This article systematically describes HTTP headers in a concise and easy-to-understand manner.
What is HTTP headers?
HTTP is written by "Hypertext Transfer Protocol". This protocol is used throughout the world wide web. Most of the content you see in your browser is transmitted over HTTP. For example, this article.
HTTP headers is the core of HTTP requests. It carries information about the client browser, request page, server, and so on.
Example
When you type a URL in the address bar of your browser, your browser will be similar to the following HTTP request:
GET /tutorials/other/top-20-mysql-best-practices/ HTTP/1.1
Host: net.tutsplus.com
User-Agent: Mozilla/5.0 (Windows; U; Windows NT 6.1; en-US; rv:1.9.1.5) Gecko/20091102 Firefox/3.5.5 (.NET CLR 3.5.30729)
Accept: text/html,application/xhtml+xml,application/xml;q=0.9,*/*;q=0.8
Accept-Language: en-us,en;q=0.5
Accept-Encoding: gzip,deflate
Accept-Charset: ISO-8859-1,utf-8;q=0.7,*;q=0.7
Keep-Alive: 300
Connection: keep-alive
Cookie: PHPSESSID=r2t5uvjq435r4q7ib3vtdjq120
Pragma: no-cache
Cache-Control: no-cache
The first line is called "Request Line". It describes the basic information of the request, and the rest is the HTTP headers.
After the request is complete, your browser may receive the following HTTP response:
HTTP/1.x 200 OK
Transfer-Encoding: chunked
Date: Sat, 28 Nov 2009 04:36:25 GMT
Server: LiteSpeed
Connection: close
X-Powered-By: W3 Total Cache/0.8
Pragma: public
Expires: Sat, 28 Nov 2009 05:36:25 GMT
Etag: "pub1259380237;gz"
Cache-Control: max-age=3600, public
Content-Type: text/html; charset=UTF-8
Last-Modified: Sat, 28 Nov 2009 03:50:37 GMT
X-Pingback: http://net.tutsplus.com/xmlrpc.php
Content-Encoding: gzip
Vary: Accept-Encoding, Cookie, User-Agent
<!-- ... rest of the html ... -->
The first line is called "status line", which is followed by HTTP headers. When the empty line is complete, the output starts (in this case, some HTML output is used ).
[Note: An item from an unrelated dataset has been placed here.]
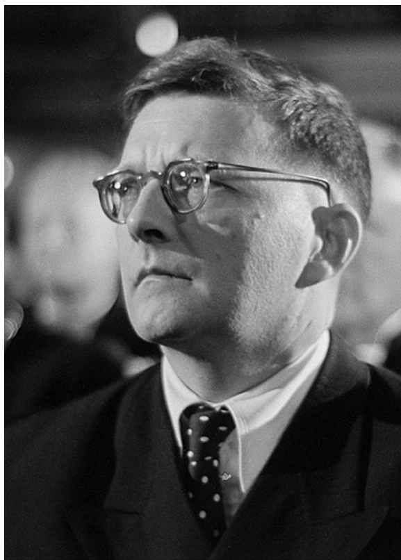
Dmitri Schostakowitsch, 1950

Wie frei ist ein Künstler in einem totalitären Regime? Kann er überhaupt ausdrücken, was ihm wichtig ist? In einer Diktatur sind auch Künstler nicht vor den Gefahren von Gewalt und Unterdrückung sicher. Das gilt heute ebenso wie früher. Wenn Ideologen an der Macht sind, hat es die Stimme der Unabhängigkeit schwer. Doch wie reagieren, wenn man ständig Gefahr läuft, als Protestler, der nicht auf Parteilinie agiert, enttarnt zu werden? Es ist wie der Gang über ein Drahtseil – ein falscher Schritt, und man stürzt in den Abgrund. Kaum ein Komponist hat das im 20. Jahrhundert so unmittelbar erlebt wie Dmitri Schostakowitsch. »Wenn ich erfahre, dass jemand gequält wird, erfahre ich selbst den Schmerz. Ich habe auch Angst vor Schmerzen...«.

However, HTTP headers cannot be seen when you view the page source code, although they are transmitted to the browser together with what you can see.
This HTTP request also sends receiving requests for some other resources, such as examples, CSS files, and JS files.
Let's take a look at the details.
How to view HTTP headers
The following Firefox extensions can help you analyze HTTP headers:
1. firebug
2. Live HTTP headers
3. In PHP:
- Getallheaders () is used to obtain the request header. You can also use the $ _ server array.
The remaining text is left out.